St George’s Memorial Church, Ypres
St George’s Memorial Church represents the strong links that have existed ever since the
First World War, and still exist today, between Belgium and the British people. Calls for a
British memorial church in Ypres were made as early as 1920 and the foundation stone of
the church was laid in 1927. After the war there was a sizeable British population living and
working in Ypres – mainly as employees of the Imperial War Graves Commission (IWGC later the CWGC). The building next to the church was set up as the ‘British School’ as a
tribute to the 342 old Etonians (past pupils of Eton School) who died during the war. It
subsequently became a Royal British Legion clubhouse.
Every item in the church is a memorial – from the windows to the chairs, each one bearing
a brass plate naming a soldier who did not return home to his family after the war. The
church now commemorates the fallen from both World Wars. Each year, on 11 November,
huge numbers of veterans and others come here for a service to remember the dead.
New memorials continue to be erected within the church.
Also within the church are busts of Sir John French, Earl of Ypres, who was instrumental to
the building of the church, and of Sir Winston Churchill and Field Marshall Montgomery.
Churchill and Montgomery were hugely important figures during the Second World War,
and both fought in the Ypres Salient during the First World War. Churchill thought that the
entire town of Ypres should remain in ruins as a memorial to those who had died fighting to
protect it and the surrounding land, but the local Belgian population thought differently
and the town was rebuilt, some parts according to its original medieval design.
The Menin Gate - Beginnings
Reginald Blomfield, the royal architect, was sent to Ypres to explore the different
possibilities for a British memorial. He did not support the idea of a ‘zone of silence’ in the
Market Square area of the city center and was in favour of a memorial being built at the
Menin Gate. The location was excellent. It was close to the city centre but would not be
overshadowed if the Cloth Hall and cathedral were rebuilt. It was also on a main road into
the city, with an excellent view from across the moat. The site also had a great deal of
symbolic importance. Many of the British soldiers who had fought in the four battles of
Ypres had passed through the old gate and over the ramparts as they moved out of the
city and onto the Menin road, towards the front lines. It is estimated that thousands of
men died in the area around the gate as battalions were hit by deadly accurate German
shellfire.
In contrast to possible memorial sites on or near the Market Square in the centre of the
city, the Menin Gate site was uncontroversial. The City Council had already agreed to
transfer the land to the British. Blomfield’s plans for the memorial were for a gigantic
‘triumphal archway,’ which would be erected on a causeway over the moat.

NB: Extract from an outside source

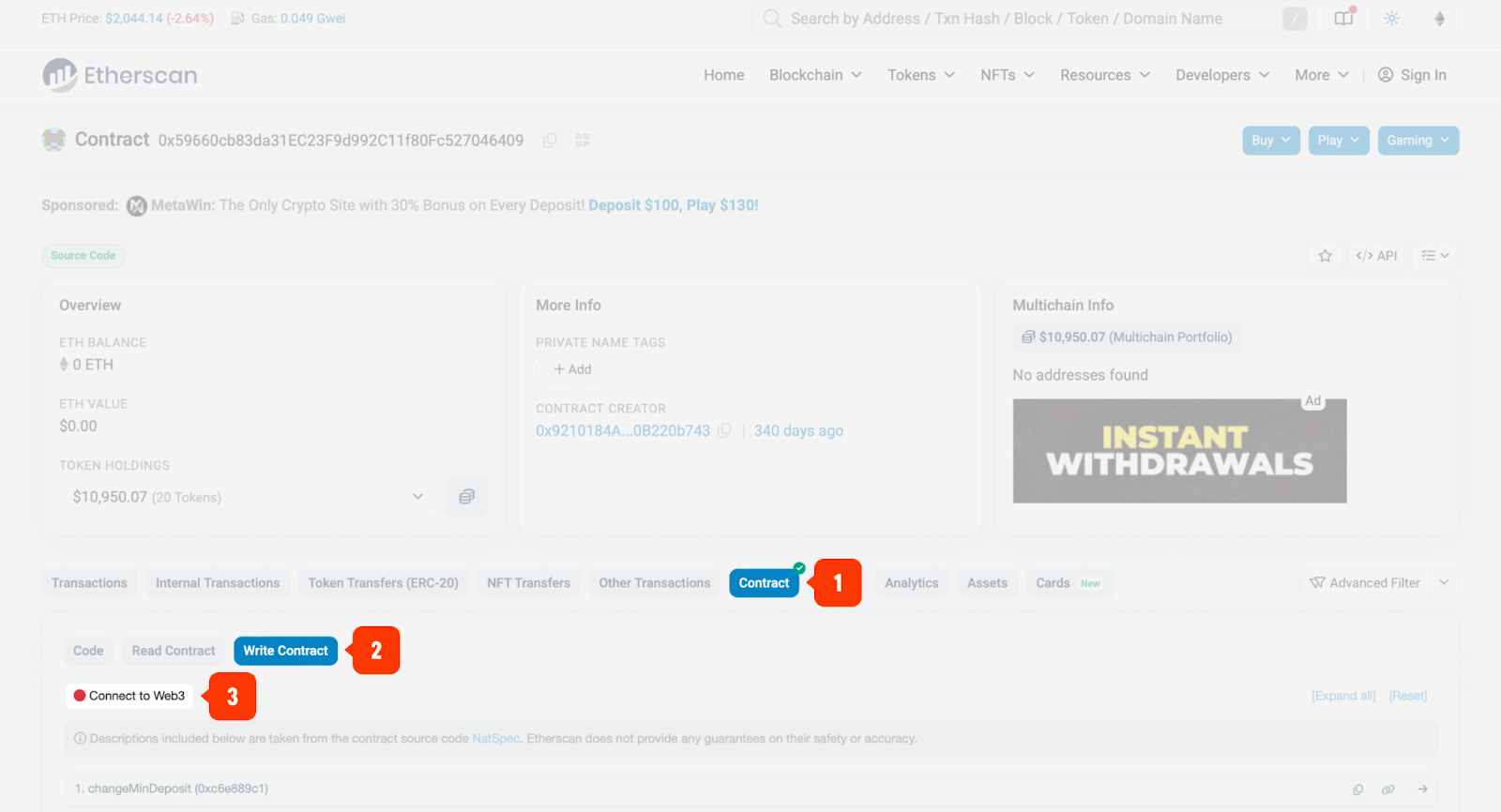 1. Open the block explorer for the corresponding network and navigate to the Vault contract (it is verified). Go to the Contract tab, then to Write Contract, and connect the wallet that previously interacted with the Enjoyoors protocol.

However, it was not until 1921 that the British government finally made a decision on what
form commemoration should take place within Ypres. In April they informed the Belgian
government that they no longer intended to build a monument in the market square and
therefore saw no need for the surrounding area to be preserved as ruins. The British
government had decided that the Menin Gate was the most suitable site for their
memorial.
Meanwhile the Imperial War Graves Commission was considering how the hundreds of
thousands of soldiers who had been reported ‘missing in action’ and had no known grave
should be commemorated. A number of proposals were being considered. Some people
suggested that the names of these soldiers should be engraved on stone tablets or
headstones, to be placed in the cemetery nearest to the place where they were believed
to have died. Another suggestion was that there should be a commemorative monument
in each cemetery, engraved with the names of the ‘missing’ soldiers. It was eventually
decided that the most practical and effective way to honour those soldiers who had died
was to build larger memorials in specific locations. Each monument would commemorate
the soldiers who died in a particular battle or geographical area and whose bodies could
not be found. These monuments would become known as ‘Memorials to the Missing’.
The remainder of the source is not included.